Two mechanisms have been postulated to cause syncope in cases of neck carcinoma (4,8). First, the tumor directly stimulates the peripheral branches of the glossopharyngeal nerve. Afferent glossopharyngeal stimulation proceeds to the brainstem centers in the caudal nucleus of the solitary tract. Interneurons then activate the efferent fibers, resulting in stimulation of the parasympathetic systems, leading to bradycardia (4,8). Second, afferent glossopharyngeal stimulation proceeds to brainstem centers in the spinal nucleus of trigeminus. This has an inhibitory effect on vasomotor centers, which leads to peripheral vasodilation and pronounced hypotension (4,8). Carbamazepine is a proposed medical agent for the treatment of glossopharyngeal neuralgia. It can control glossopharyngeal neuralgia by its inhibitory effect on the brain stem reflex activity (9,10). However, it is sometimes ineffective, and patients become tolerant after prolonged use. Furthermore, the medication must be administered permanently (11). In addition, the prolonged use of the agent may cause adverse effects, such as eruption, drowsiness, dizziness, nausea and vomiting. Another treatment option is pacemaker implantation, but it cannot prevent vasodepressor response syncope and glossopharyngeal neuralgia (12-14). We considered that reduction of the tumor was the only fundamental treatment that could reduce glossopharyngeal neuralgia with syncope in the present case. In such cases, surgical resection may be the best option (15,16). However, surgical resection was considered too risky because of the location in the present case.

As an alternative to surgery, several case reports have shown the complete resolution of symptoms after chemotherapy or radiotherapy in cases of lymphoma and esophageal squamous cell carcinoma (17,18).

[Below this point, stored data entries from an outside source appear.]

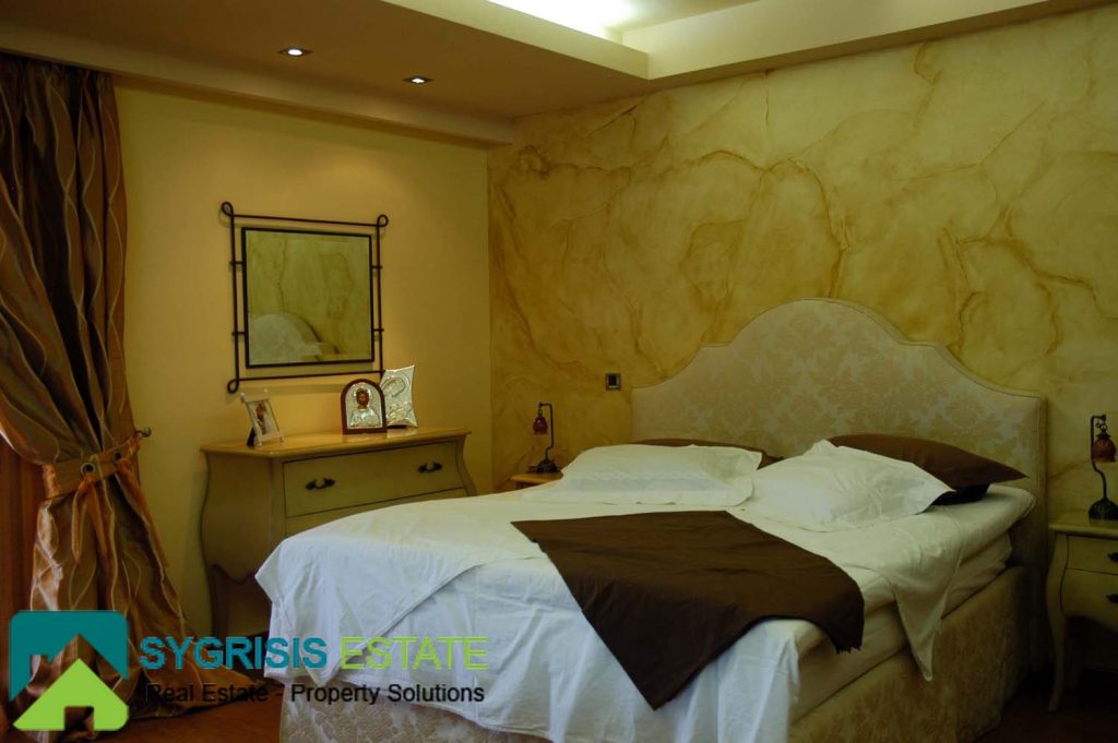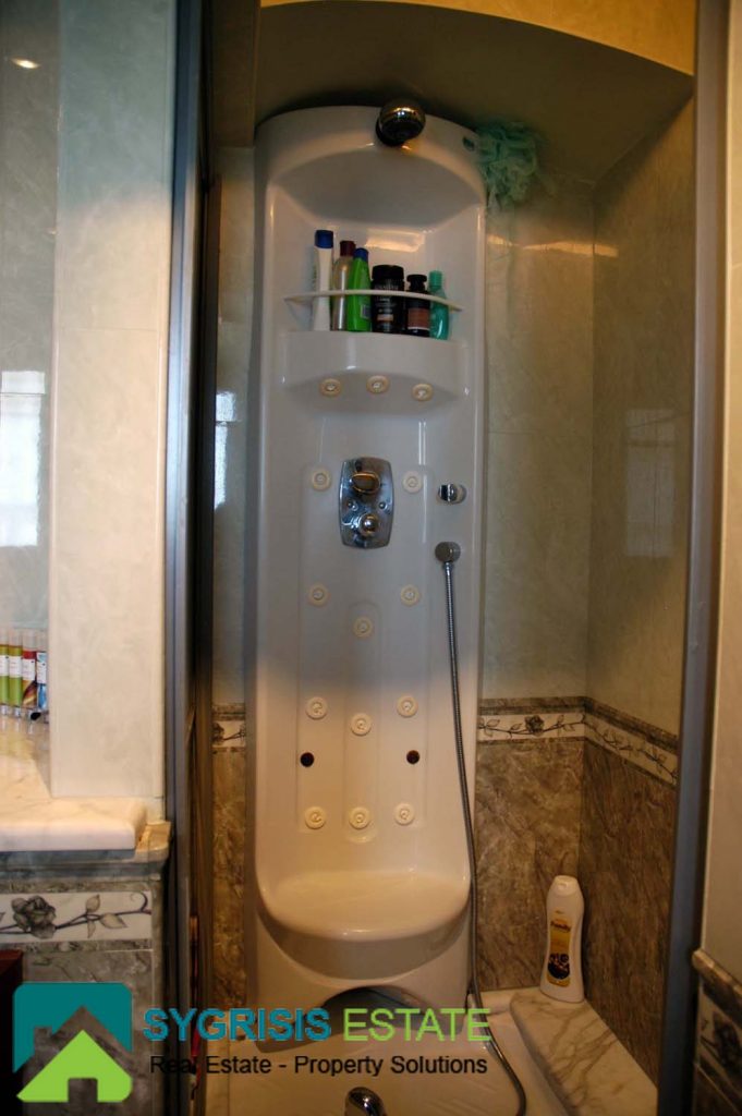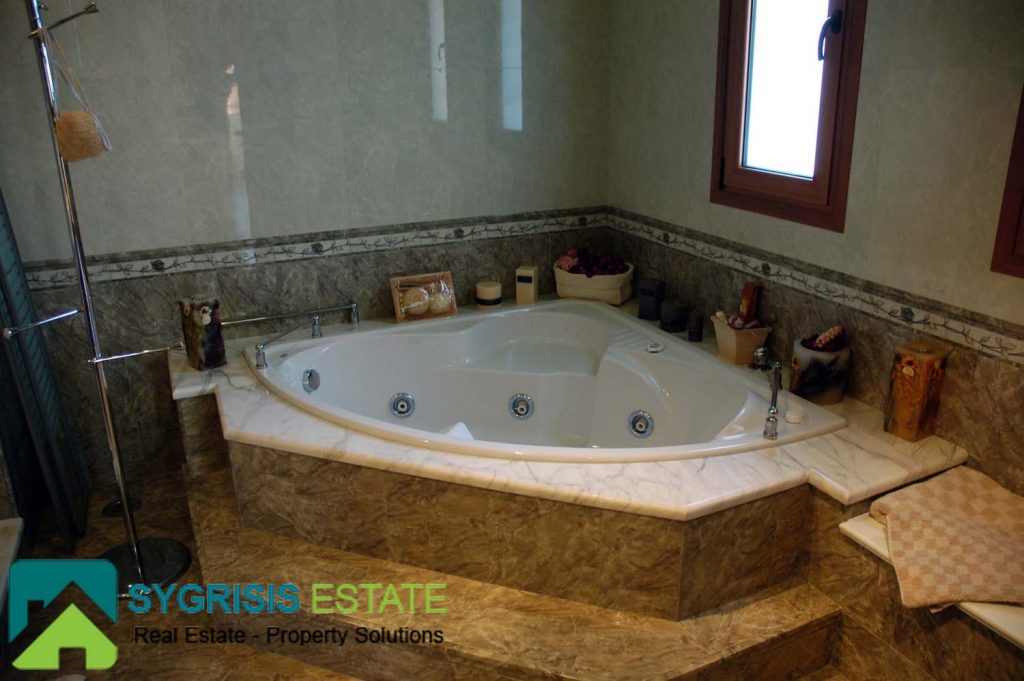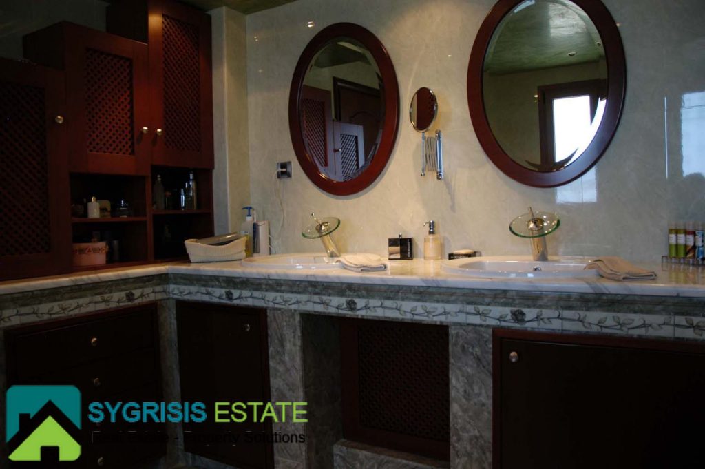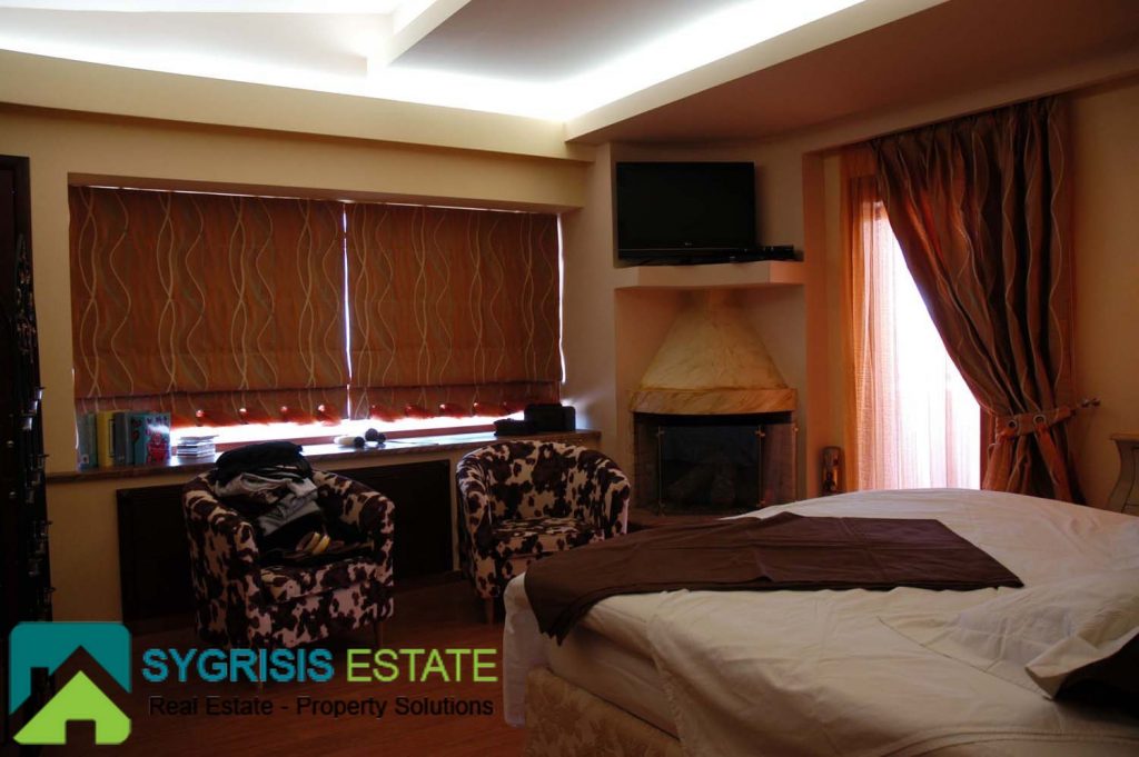 The master bedroom is one of the most unique and coziest rooms of the house. It has a big window with a great view to the Aegean sea, seen from the max size double bed. It also has two big balconies at the two front corners, both with a view to the sea. A warm fireplace is also located in it. More than that, it also has a big closet and a private bathroom. The bathroom has many store cabinets, two washbasins, a big round whirlpool bath and a whirlpool douche.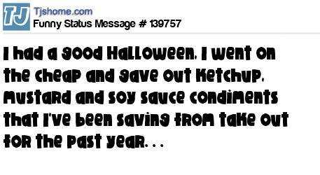 X says I had a good Halloween, I went on the cheap and gave out ketchup, mustard and soy sauce condiments that I've been saving from take out for the past year. . .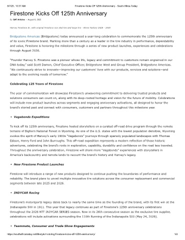 8/7/25, 10:37 AM Firestone Kicks Off 125th Anniversary - South Africa Today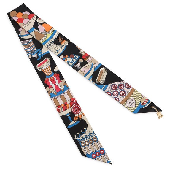 3. エルメス スカーフ ツイリー ラ パティスリー フランセーズ チャーム HERMES シルク 2023秋冬 ツイリー創立20周年 黒 安心保証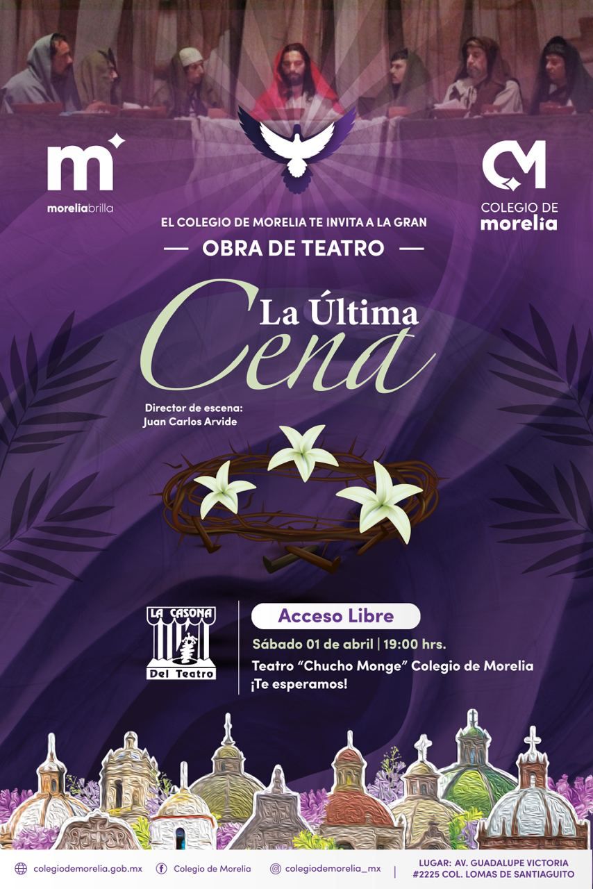 OBRA LA ULTIMA CEl Teatro “Chucho Monge” del Colegio de Morelia será el escenario donde se presentará la puesta en escena “La Última Cena”, del director Juan Carlos Arvide, en la que se presentará a un Jesús natural, humano y en confrontación consigo mismo ante su eminente calvario, abordando el tema desde un aspecto histórico reflexivo, que si bien fue verdad, también está rodeado de misterio.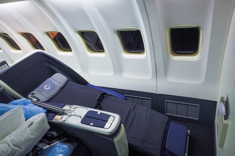 With 62 inches of pitch, the seat transforms into a thinly padded, angled bed that will never be thought of as industry-leading — but at these prices, I'm okay with that.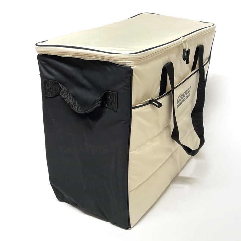 コストコの『クーラーバッグ キルト生地』が大きな高密度断熱材の白黒バッグでポケットもある!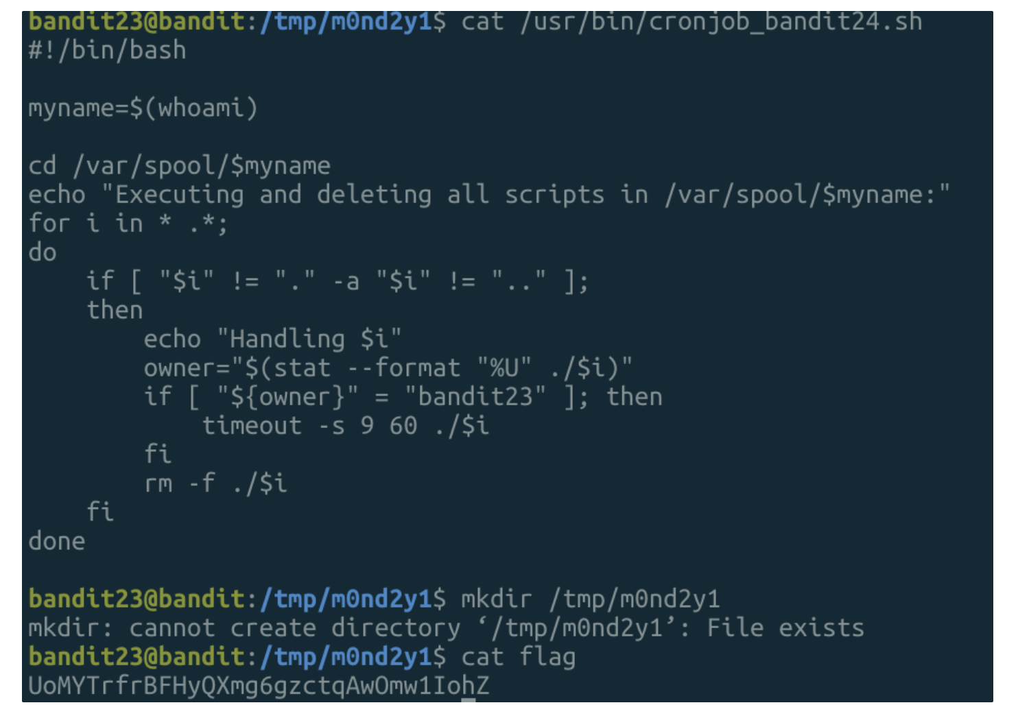 - cat /etc/bandit_pass/bandit24 > /tmp/m0nd2y1/flag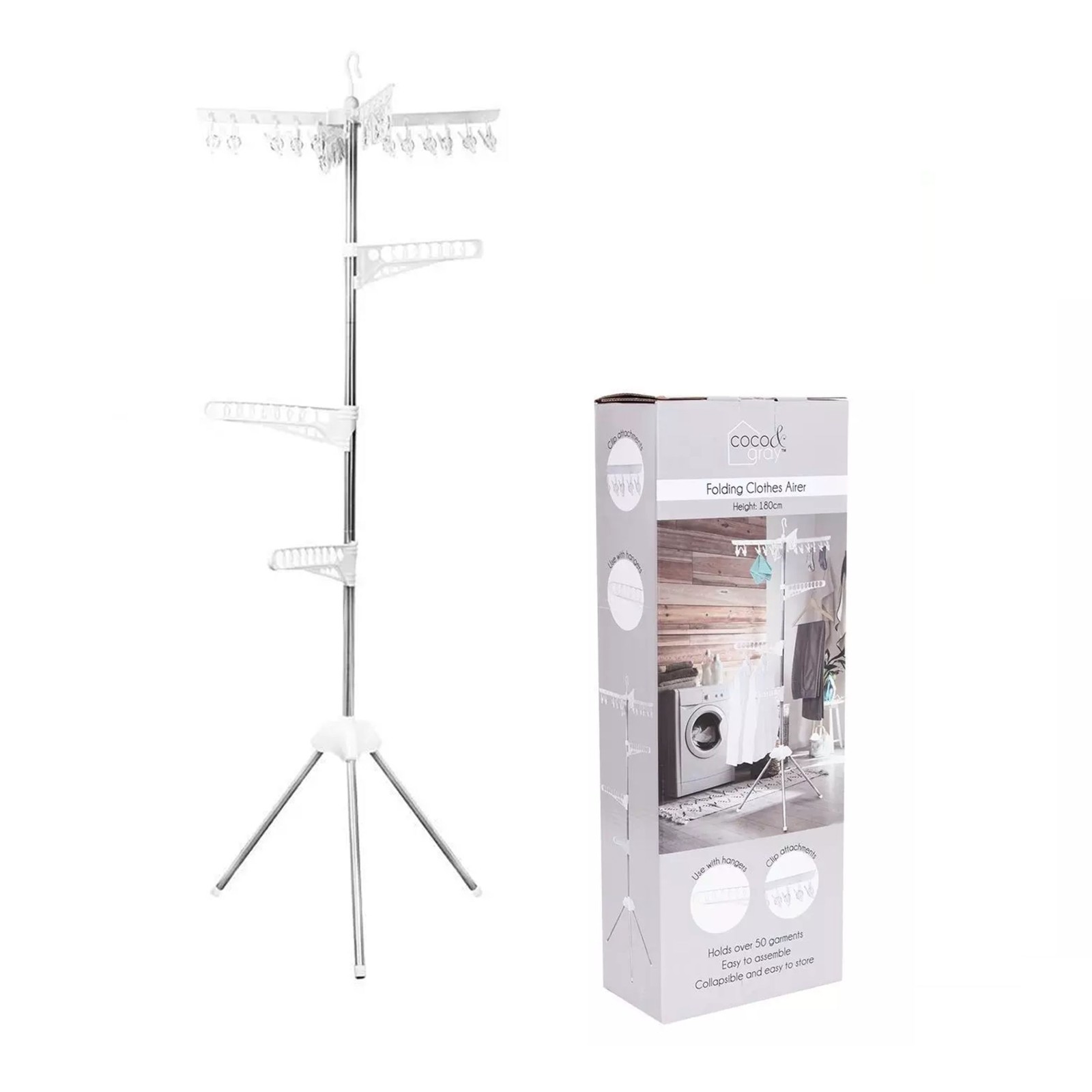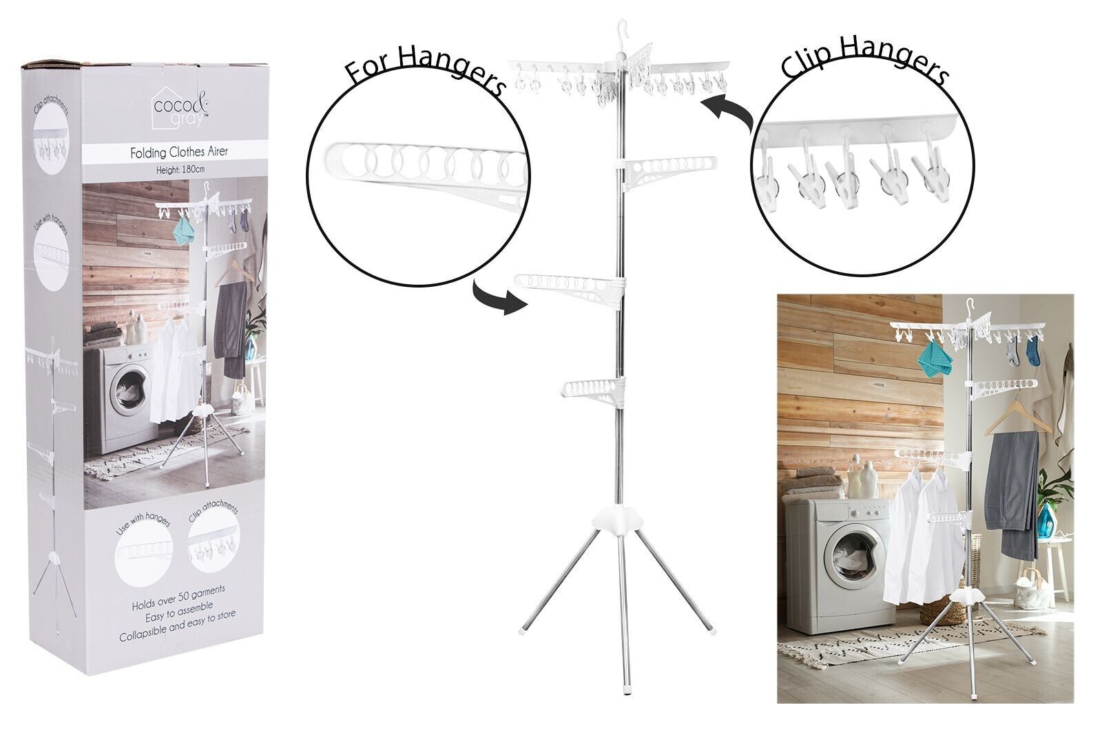 Folding Clothes Airer Tripod Laundry Drying Rack Hangers Clips Pegs Maiden Horse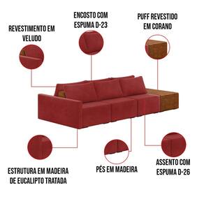 O Sofá Ilha 3 Lugares Living Lary de 402 cm é uma peça de destaque para qualquer ambiente, com um design moderno este sofá apresenta uma estrutura modular permitindo reorganizá-la criando um layout personalizado. Revestido no luxuoso tecido Veludo em um tom envolvente de Vermelho, proporcionando uma sensação de aconchego e sofisticação. Seu assento é fixo em espuma D-26 com multimolas de sustentação espiral e ensacadas, solda dupla, manta acrílica e percintas elásticas, suportando até 150 kg por assento. Já o encosto possui espuma D-23 sendo ele removível, com almofadas soltas preenchidas com 100% de fibra siliconada, proporcionando um apoio macio para as costas. Os pés são feitos em madeira certificando maior estabilidade ao móvel. Este sofá apresenta características de alta qualidade, incluindo uma estrutura de madeira tratada de eucalipto reflorestada, garantindo maior resistência e durabilidade ao produto, além de contribuir para a sustentabilidade ambiental. Com sete assentos no total, um deles revestido em tecido Sintético Pu Nozes com detalhes em gomos feito com a técnica de costura pespontos, este sofá oferece espaço suficiente para acomodar confortavelmente até oito pessoas, tornando-o ideal para receber amigos e familiares com estilo e conforto. Pode ser utilizado em escritórios, restaurantes e demais ambientes corporativos.O Sofá Lary é a escolha perfeita para quem busca uma peça de mobiliário que une funcionalidade, conforto e estilo em uma única solução para o seu ambiente. Aproveite!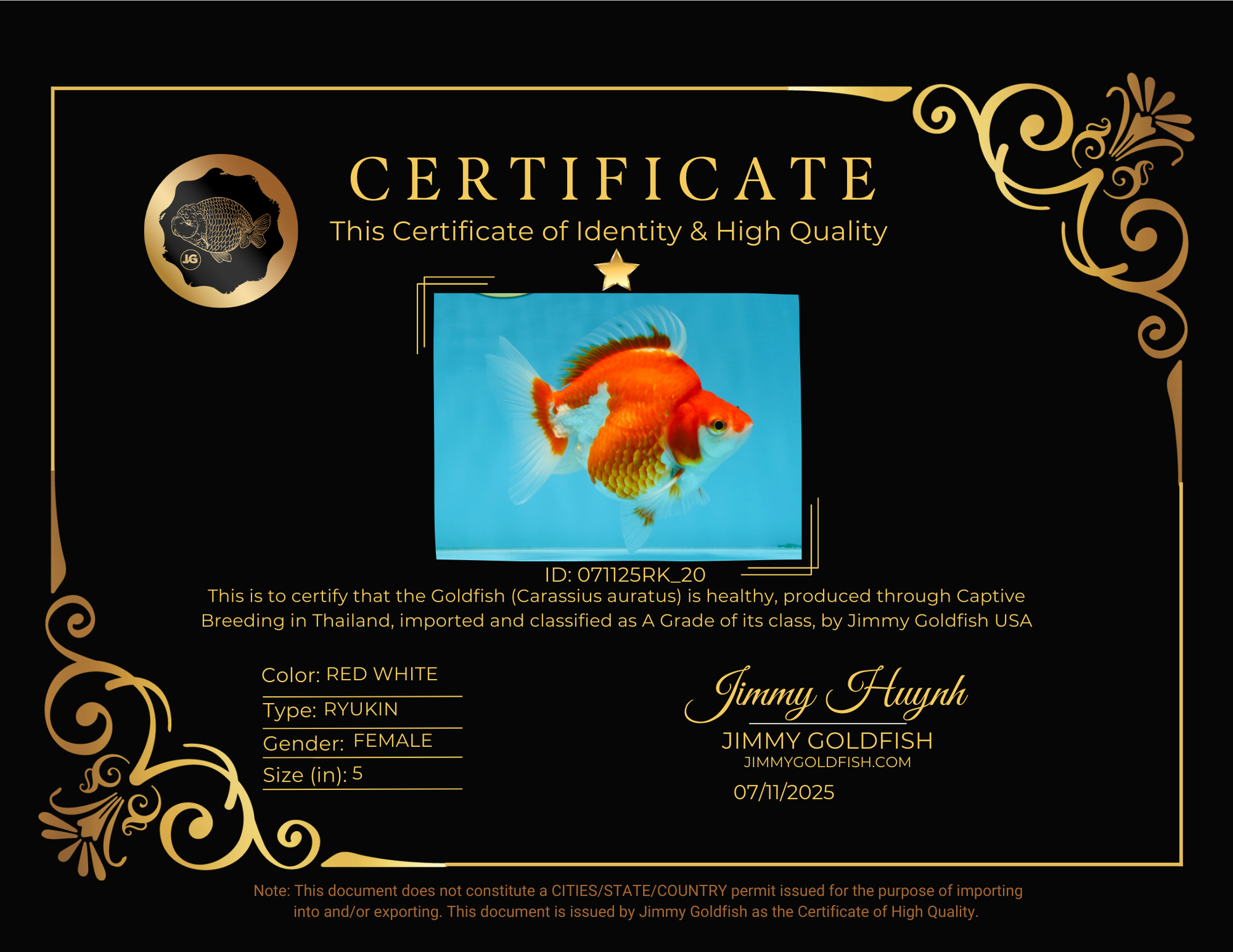 Health: Every fish has completed our strict quarantine procedure. Healthy and active condition. Disease-free guarantee.

Ishida et al. (19) reported that the overall tumor response and complete response rates after cCRT were 68.3% and 15% in esophageal cancer with invasion to surrounding organs and/or metastasis. A certain number of patients who respond to this treatment can be expected to achieve improvement in their symptoms. Therefore, we decided to commence cCRT. Regarding the cCRT regimen, we considered the use of cisplatin to be risky in the present case because of his advanced age, impaired renal function (low creatinine clearance of 47 mL/min/1.73 m2) and poor performance status. Nedaplatin has less nephrotoxicity, gastrointestinal toxicity and neurotoxicity than cisplatin. Furthermore, the efficacy of 5-FU and nedaplatin with concurrent radiotherapy is comparable to that of 5-FU and cisplatin (20,21). Therefore, we used nedaplatin instead of cisplatin. As a result, our patient had a good prognosis with no recurrent syncope after cCRT.

In conclusion, we present a case of glossopharyngeal neuralgia with syncope caused by recurrence of esophageal squamous cell carcinoma. cCRT was effective and reduced the tumor size, which resulted in complete resolution of symptoms.

The authors state that they have no Conflict of Interest (COI).